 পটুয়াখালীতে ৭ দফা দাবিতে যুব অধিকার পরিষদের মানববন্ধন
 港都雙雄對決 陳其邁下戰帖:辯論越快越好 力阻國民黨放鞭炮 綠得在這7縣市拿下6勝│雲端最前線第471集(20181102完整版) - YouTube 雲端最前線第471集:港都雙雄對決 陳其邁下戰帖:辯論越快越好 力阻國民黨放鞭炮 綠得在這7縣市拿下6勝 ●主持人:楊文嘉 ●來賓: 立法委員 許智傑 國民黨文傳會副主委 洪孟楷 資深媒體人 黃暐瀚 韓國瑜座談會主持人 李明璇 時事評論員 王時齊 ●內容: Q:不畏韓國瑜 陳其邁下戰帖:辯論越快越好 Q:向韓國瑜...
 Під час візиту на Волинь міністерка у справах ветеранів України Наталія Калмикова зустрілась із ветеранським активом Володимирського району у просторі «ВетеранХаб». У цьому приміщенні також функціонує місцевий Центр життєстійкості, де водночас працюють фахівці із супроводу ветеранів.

================

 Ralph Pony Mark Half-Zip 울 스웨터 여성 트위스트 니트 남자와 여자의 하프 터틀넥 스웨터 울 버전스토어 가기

================

# EXERCISE:
Using the data above, extract exactly the lines from the one that holds "পটুয়াখালীতে ৭ দফা" to the one that holds "Під час візиту", both ends included, and no others.

# EXERCISE SOLUTION:
 পটুয়াখালীতে ৭ দফা দাবিতে যুব অধিকার পরিষদের মানববন্ধন
 港都雙雄對決 陳其邁下戰帖:辯論越快越好 力阻國民黨放鞭炮 綠得在這7縣市拿下6勝│雲端最前線第471集(20181102完整版) - YouTube 雲端最前線第471集:港都雙雄對決 陳其邁下戰帖:辯論越快越好 力阻國民黨放鞭炮 綠得在這7縣市拿下6勝 ●主持人:楊文嘉 ●來賓: 立法委員 許智傑 國民黨文傳會副主委 洪孟楷 資深媒體人 黃暐瀚 韓國瑜座談會主持人 李明璇 時事評論員 王時齊 ●內容: Q:不畏韓國瑜 陳其邁下戰帖:辯論越快越好 Q:向韓國瑜...
 Під час візиту на Волинь міністерка у справах ветеранів України Наталія Калмикова зустрілась із ветеранським активом Володимирського району у просторі «ВетеранХаб». У цьому приміщенні також функціонує місцевий Центр життєстійкості, де водночас працюють фахівці із супроводу ветеранів.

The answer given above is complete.